La película comienza y acaba sobre las tablas de un teatro, con los espectadores observantes; cada cual, con su propia visión e historia. Ante un patio de butacas abarrotado, dos mujeres llenan un escenario inerte. Lo copan y absorben, como si tan sólo existiesen ellas en esos instantes. Se retuercen y encorvan; arquean las manos y flexionan las articulaciones. Histriónicos movimientos invaden la pantalla. Vestidas únicamente con un ligero camisón, transmiten sufrimiento y desesperación. Algo les desgarra el alma; las golpea con virulencia; les atraviesa las entrañas, arrebatándoles la vida lentamente, paso a paso; sin que nadie pueda ofrecerles un remedio. La piel de sus brazos y piernas aparece desnuda. Es una danza silente y consternada; ante la que el corazón se encoge, al visualizar la pugna de dos mujeres contra lo irreal y difuso; la pelea contra el maldito e inevitable transcurso del tiempo.
En aquella escena tan dramática, repentinamente, ...
ambas se lanzan a la carrera por un espacio plagado de sillas; donde un hombre (cuya presencia se explica desde un punto de vista más metafórico que real) acierta a apartarlas de su camino. Así arranca Hable con ella (2002), de Pedro Almodóvar. Así empieza la película más desconcertante del cineasta manchego; que optó ese año por abandonar la transgresión y evocar la soledad, la muerte y la complejidad de los lazos humanos.

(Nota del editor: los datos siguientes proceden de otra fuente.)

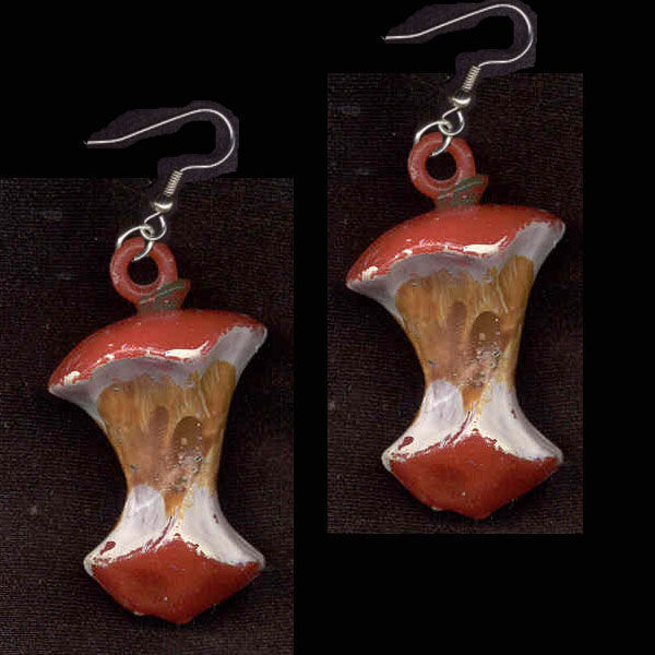 Retro 3D Drop APPLE CORE Funky EARRINGS Teacher Food Fruit Charm Novelty Jewelry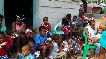 El grupo de damas de la organización que preside la licenciada Digna García, compartió ayer con los pequeños de esas apartadas comunidades Sandwich, Biscochos y Jugos.

El popular director –tan aclamado por la crítica internacional- compone un relato delicado y melancólico; lejos de ese pop ochentero de los años de la Movida madrileña. El cineasta abandona en esta ocasión las complicadas y enrevesadas tramas de sexualidad, complejos y desorden. En cambio, se decide por la afable técnica del clasicismo. Y, gracias a ella, Almodóvar narra la extraña relación entre un enfermero y su paciente: una chica que sufre un coma supuestamente irreversible. Una historia que únicamente se presenta como la excusa idónea para adentrarse y profundizar en la soledad del ser humano, en el aislamiento, en la incomunicación del urbanita del siglo XXI.
El film transcurre de una forma natural, sin grandes altibajos; y el espectador siente como si navegara por unas tranquilas y apacibles aguas, como si lo acontecido fuera lo necesario, como si lo sucedido fuera lo inevitable. Y es que el metraje fluye casi instintivamente; perfilado con un tono frío, clínico y evasivo. “El logro más notable de Hable con ella radica en que juega con la identificación del espectador y la desafía. Es una profunda meditación sobre el modo en que hablamos con las personas y a través de los objetos y textos que expresan nuestra vida”, señala Adrian Danks, colaborador de la revista Senses of Cinema.
De esta forma, mientras que la primera escena mostraba los movimientos artificiales y dolientes de dos mujeres; Almodóvar utiliza a dos hombres en el resto de la película: dos herramientas adecuadas (Javier Cámara y Darío Grandinetti) para abordar el sufrimiento, la muerte y la soledad que queda tras ella. Pero el manchego lo hace con sobrada candidez; como si escuchara aquellas palabras que pronunció Antonio Gala hace apenas unos meses. “No me entristece el hecho de terminar: lo veo tan natural como una puesta de sol”, afirmó el escritor cordobés en cierta ocasión.
Así, con la misma sencillez con la que el sol se oculta cada jornada, Hable con ella describe el pesar del abandono, el desconsuelo del que yace junto a la cama. Y, aprovechando también los acordes de la guitarra española; Almodóvar regresa en los últimos minutos de la cinta a las mismas tablas del teatro que se mostraron al principio. Un escenario donde ya nadie sufre; un lugar ocupado ahora por un acompasado baile de parejas, que acompañan a una música alegre y a un decorado de hojas verdes. El dolor dejó paso a la esperanza. Relatado con una sorprendente naturalidad, el director nos deja muy claro que resulta inútil luchar contra el tiempo. Esa batalla está perdida; así que intentemos vencer en otras.